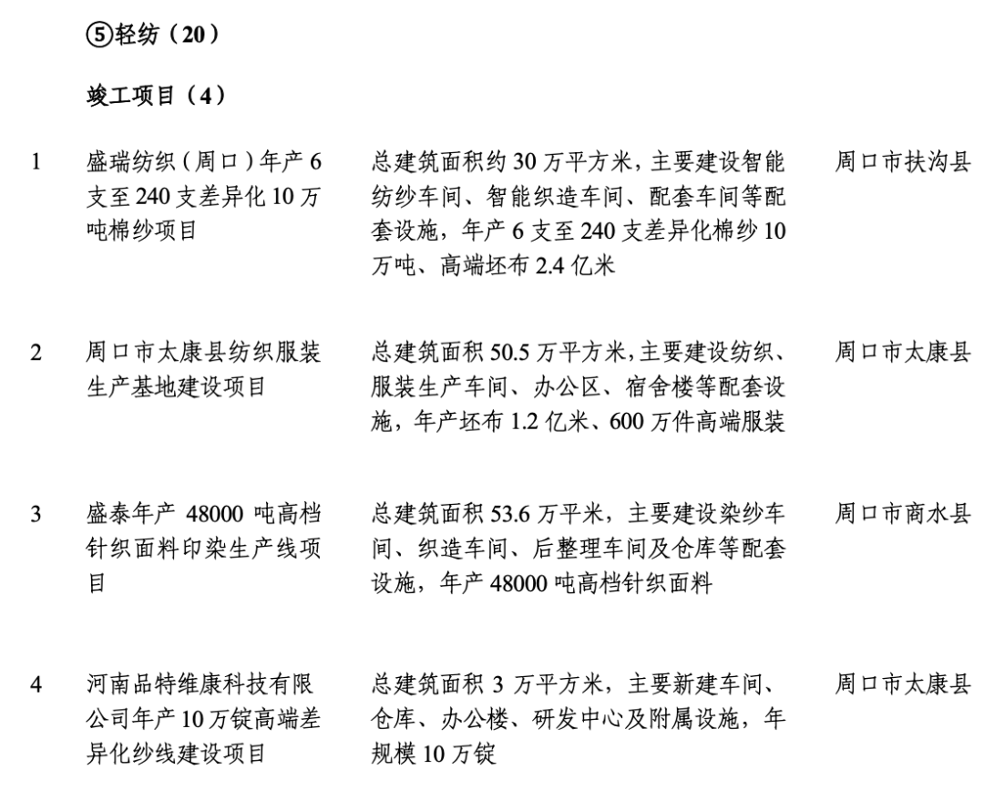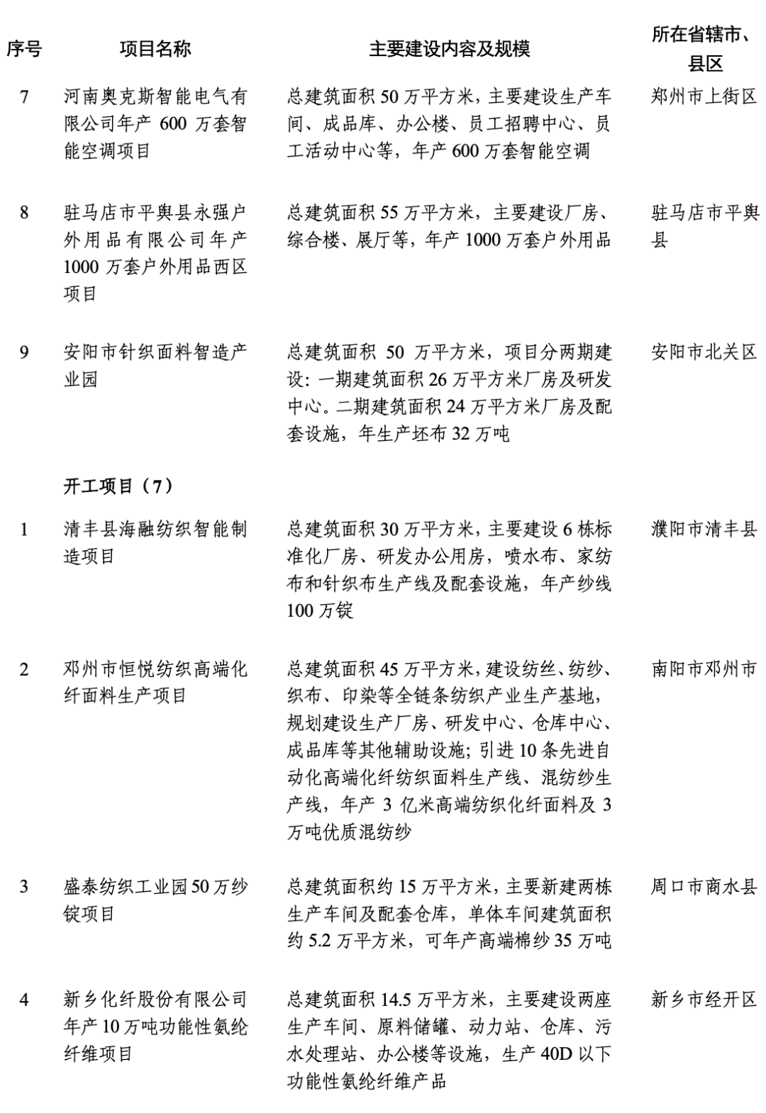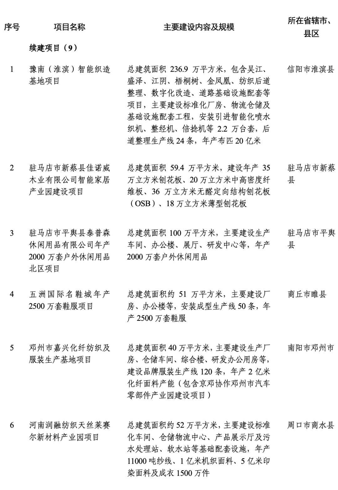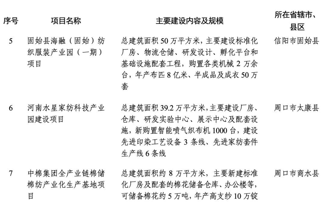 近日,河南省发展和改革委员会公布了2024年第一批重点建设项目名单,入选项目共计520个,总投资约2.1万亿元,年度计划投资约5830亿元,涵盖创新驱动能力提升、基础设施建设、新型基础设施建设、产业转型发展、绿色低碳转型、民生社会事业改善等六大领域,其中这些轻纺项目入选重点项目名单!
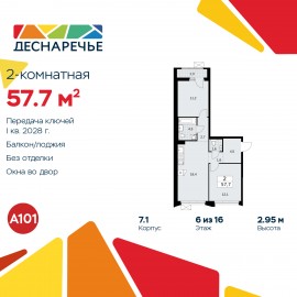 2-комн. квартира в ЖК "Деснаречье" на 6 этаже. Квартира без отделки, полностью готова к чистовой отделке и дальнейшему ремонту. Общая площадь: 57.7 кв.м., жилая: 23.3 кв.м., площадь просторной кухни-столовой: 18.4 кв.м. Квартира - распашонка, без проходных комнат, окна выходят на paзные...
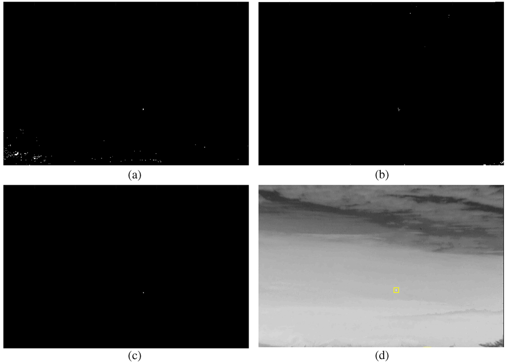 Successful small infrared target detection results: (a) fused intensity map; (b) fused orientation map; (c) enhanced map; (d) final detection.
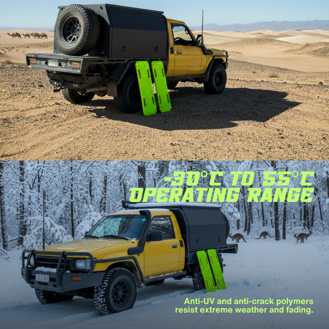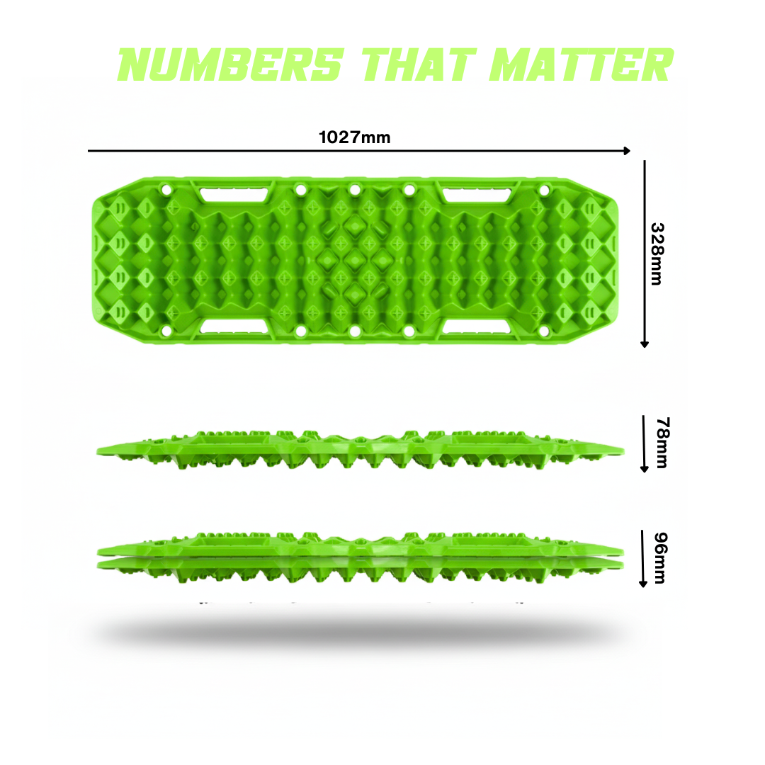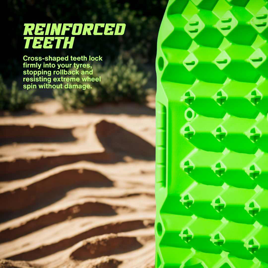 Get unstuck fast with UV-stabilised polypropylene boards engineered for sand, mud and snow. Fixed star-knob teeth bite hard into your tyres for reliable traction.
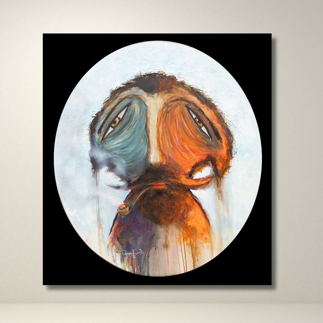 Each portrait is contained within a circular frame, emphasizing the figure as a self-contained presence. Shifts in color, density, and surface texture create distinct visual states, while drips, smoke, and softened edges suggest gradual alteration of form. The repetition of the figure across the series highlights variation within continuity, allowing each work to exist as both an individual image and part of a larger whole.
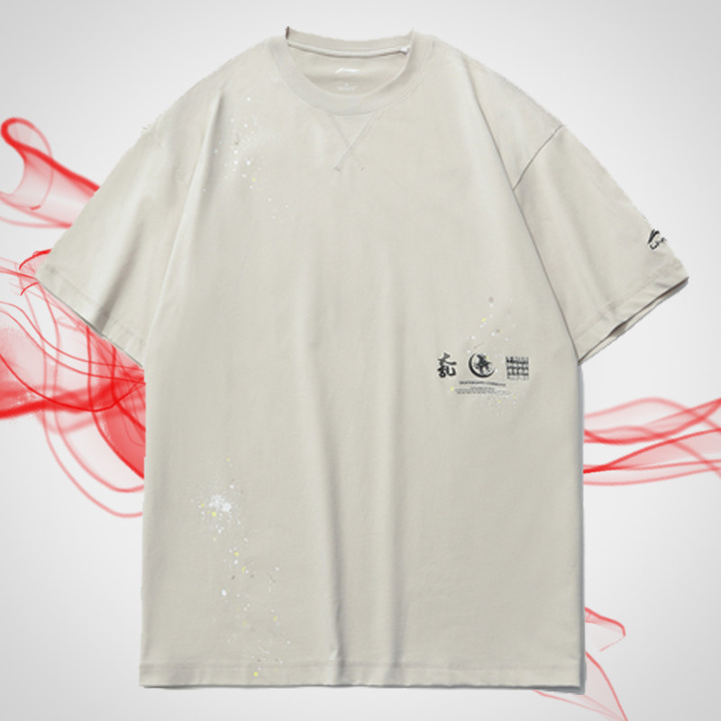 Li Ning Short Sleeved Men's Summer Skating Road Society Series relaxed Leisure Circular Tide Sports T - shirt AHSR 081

────────────────────

WHAT TO PRODUCE:
Without the pictures, retype the whole of the material above exactly.

SOLUTION TO THIS TASK:
 近日,河南省发展和改革委员会公布了2024年第一批重点建设项目名单,入选项目共计520个,总投资约2.1万亿元,年度计划投资约5830亿元,涵盖创新驱动能力提升、基础设施建设、新型基础设施建设、产业转型发展、绿色低碳转型、民生社会事业改善等六大领域,其中这些轻纺项目入选重点项目名单!
 2-комн. квартира в ЖК "Деснаречье" на 6 этаже. Квартира без отделки, полностью готова к чистовой отделке и дальнейшему ремонту. Общая площадь: 57.7 кв.м., жилая: 23.3 кв.м., площадь просторной кухни-столовой: 18.4 кв.м. Квартира - распашонка, без проходных комнат, окна выходят на paзные...
 Successful small infrared target detection results: (a) fused intensity map; (b) fused orientation map; (c) enhanced map; (d) final detection.
 Get unstuck fast with UV-stabilised polypropylene boards engineered for sand, mud and snow. Fixed star-knob teeth bite hard into your tyres for reliable traction.
 Each portrait is contained within a circular frame, emphasizing the figure as a self-contained presence. Shifts in color, density, and surface texture create distinct visual states, while drips, smoke, and softened edges suggest gradual alteration of form. The repetition of the figure across the series highlights variation within continuity, allowing each work to exist as both an individual image and part of a larger whole.
 Li Ning Short Sleeved Men's Summer Skating Road Society Series relaxed Leisure Circular Tide Sports T - shirt AHSR 081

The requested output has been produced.